I think i will be interesting to hear what the forum members think when the see some avatars

like:

@TylerD For some reason i think fight club
@DoubleD He is a cocky bugger
Ω @johan True Gentleman with the hat and the cane, the whole nine yards
@Rob Fisher Ground Hog Day
@Alex mm yea what can i say lovely avatar
@Silver Gladiator, Rome, Italy, Pizza

Reactions: Like 1 | Winner 1 | Funny 3


----------



## DoubleD (20/8/14)



Reactions: Funny 1


----------



## Kuhlkatz (20/8/14)

Maybe @DoubleD could use @Alex 's ava, cause that's what I think of when I see the name

Reactions: Like 1 | Funny 2


----------



## Marzuq (20/8/14)

kimbo said:


> Hi
> 
> I think i will be interesting to hear what the forum members think when the see some avatars
> 
> ...


 
i agree fully @TylerD definitely fight club.


----------



## Derick (20/8/14)

kimbo said:


> Hi
> 
> I think i will be interesting to hear what the forum members think when the see some avatars
> 
> ...


 
With your's I think: that dude just vaped some tequila, maybe with some THC added

Reactions: Agree 1 | Funny 2


----------



## TylerD (20/8/14)

But why would you think that?


----------



## kimbo (20/8/14)

TylerD said:


> But why would you think that?


 
@TylerD i think it is because of the avatar you had before this one.


----------



## TylerD (20/8/14)

kimbo said:


> @TylerD i think it is because of the avatar you had before this one.

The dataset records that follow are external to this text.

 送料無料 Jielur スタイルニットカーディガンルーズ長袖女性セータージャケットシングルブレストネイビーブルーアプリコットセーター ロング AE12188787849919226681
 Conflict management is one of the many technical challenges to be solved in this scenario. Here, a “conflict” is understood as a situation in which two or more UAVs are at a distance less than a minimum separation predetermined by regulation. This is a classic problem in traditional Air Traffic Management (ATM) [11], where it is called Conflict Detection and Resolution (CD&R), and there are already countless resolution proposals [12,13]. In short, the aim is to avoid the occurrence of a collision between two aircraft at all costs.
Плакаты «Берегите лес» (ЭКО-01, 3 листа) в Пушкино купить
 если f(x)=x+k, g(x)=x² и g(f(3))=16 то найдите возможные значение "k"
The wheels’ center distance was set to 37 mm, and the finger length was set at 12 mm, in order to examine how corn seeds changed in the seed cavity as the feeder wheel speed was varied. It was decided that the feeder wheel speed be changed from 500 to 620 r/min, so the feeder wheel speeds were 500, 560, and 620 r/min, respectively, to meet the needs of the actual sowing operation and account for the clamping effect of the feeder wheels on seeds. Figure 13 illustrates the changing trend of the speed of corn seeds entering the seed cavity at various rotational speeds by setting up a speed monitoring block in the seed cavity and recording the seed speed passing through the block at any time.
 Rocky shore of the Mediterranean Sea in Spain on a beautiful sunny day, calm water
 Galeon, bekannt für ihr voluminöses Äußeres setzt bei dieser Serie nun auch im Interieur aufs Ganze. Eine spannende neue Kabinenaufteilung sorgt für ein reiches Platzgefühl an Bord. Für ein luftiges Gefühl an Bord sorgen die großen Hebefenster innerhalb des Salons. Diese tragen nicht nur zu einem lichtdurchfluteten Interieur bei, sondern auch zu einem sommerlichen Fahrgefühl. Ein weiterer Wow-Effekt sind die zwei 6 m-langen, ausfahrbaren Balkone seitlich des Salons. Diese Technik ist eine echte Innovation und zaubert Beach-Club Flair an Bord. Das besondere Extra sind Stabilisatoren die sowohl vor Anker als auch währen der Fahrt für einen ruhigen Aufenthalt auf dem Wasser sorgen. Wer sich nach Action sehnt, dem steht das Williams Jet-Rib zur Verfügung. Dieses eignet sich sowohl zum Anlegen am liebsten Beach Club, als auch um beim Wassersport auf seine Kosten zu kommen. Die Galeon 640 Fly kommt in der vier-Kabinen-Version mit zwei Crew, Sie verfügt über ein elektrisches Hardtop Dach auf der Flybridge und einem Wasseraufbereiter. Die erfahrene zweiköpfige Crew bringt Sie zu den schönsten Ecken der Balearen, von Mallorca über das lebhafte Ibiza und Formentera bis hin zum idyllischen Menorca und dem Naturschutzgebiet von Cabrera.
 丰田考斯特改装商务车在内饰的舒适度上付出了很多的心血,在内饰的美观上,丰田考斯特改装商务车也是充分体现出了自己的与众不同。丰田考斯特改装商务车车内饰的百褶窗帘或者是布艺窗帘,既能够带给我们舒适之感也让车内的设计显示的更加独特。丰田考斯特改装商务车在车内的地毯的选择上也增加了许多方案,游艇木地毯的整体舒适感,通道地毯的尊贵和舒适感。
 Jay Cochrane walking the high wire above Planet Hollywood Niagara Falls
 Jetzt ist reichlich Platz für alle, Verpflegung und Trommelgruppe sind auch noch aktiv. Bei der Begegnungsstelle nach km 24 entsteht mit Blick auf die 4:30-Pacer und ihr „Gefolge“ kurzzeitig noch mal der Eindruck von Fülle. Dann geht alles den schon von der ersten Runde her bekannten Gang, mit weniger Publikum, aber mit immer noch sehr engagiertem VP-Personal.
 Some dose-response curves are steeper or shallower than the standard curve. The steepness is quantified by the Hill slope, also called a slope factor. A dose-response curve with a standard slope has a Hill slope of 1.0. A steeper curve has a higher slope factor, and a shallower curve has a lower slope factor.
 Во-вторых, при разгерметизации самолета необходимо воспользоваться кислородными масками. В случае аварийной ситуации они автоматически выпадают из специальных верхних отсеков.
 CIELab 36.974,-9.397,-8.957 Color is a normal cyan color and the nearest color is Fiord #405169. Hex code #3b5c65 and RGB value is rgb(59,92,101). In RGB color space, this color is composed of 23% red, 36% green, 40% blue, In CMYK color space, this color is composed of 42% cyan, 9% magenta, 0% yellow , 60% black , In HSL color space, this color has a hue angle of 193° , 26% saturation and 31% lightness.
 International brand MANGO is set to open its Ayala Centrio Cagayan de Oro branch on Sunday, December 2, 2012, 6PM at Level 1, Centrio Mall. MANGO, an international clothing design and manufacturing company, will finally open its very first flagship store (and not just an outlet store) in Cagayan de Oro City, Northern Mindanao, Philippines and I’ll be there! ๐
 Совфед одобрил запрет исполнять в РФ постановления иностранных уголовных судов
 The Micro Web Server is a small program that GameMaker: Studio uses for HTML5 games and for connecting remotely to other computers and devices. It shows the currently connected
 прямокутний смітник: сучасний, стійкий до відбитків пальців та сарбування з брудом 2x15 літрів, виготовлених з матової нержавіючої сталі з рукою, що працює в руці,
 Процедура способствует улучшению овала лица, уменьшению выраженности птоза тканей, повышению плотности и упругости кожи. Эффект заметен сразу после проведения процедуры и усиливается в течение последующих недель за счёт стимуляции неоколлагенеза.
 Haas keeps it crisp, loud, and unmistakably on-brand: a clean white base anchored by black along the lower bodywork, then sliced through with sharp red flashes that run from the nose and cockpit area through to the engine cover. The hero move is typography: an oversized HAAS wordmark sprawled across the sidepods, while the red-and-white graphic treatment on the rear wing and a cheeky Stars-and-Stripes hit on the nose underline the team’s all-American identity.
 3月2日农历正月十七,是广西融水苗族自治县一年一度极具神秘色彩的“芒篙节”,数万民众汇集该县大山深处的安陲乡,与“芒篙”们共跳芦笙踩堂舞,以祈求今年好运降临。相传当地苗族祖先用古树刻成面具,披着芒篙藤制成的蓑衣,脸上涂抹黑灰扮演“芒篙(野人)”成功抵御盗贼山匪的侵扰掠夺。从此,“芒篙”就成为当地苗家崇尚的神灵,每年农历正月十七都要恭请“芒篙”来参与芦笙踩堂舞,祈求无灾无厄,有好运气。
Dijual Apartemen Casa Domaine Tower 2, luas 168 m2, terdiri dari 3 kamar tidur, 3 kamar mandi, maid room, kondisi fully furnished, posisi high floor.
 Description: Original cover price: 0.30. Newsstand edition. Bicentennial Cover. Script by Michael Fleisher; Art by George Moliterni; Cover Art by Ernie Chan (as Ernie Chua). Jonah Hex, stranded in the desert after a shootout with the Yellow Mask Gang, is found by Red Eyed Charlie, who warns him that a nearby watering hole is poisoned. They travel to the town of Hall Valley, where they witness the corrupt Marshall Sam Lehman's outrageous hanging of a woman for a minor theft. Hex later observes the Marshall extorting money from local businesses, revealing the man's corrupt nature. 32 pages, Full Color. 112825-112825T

O, ok. My name also gives it away a bit.

Reactions: Like 3


----------



## Nightfearz (20/8/14)

KuhlKatz's patronas charm is a cat....


----------



## MarkK (20/8/14)

Seeing this book at work always makes me think of @Cat

Reactions: Like 2


----------



## Heckers (20/8/14)

TylerD said:


> But why would you think that?


 
Maybe because it is actually fight club with the bar of soap photoshopped to look like a Reo?

Reactions: Like 1


----------



## kimbo (20/8/14)

Heckers said:


> Maybe because it is actually fight club with the bar of soap photoshopped to look like a Reo?


 
You clever man


----------



## Cat (22/8/14)

MarkK said:


> Seeing this book at work always makes me think of @Cat


 
 Seeing that - and the "i Love Cats" thread here - reminds me that i have to wait a year or two before i can keep cats again, when i move to Thailand.


----------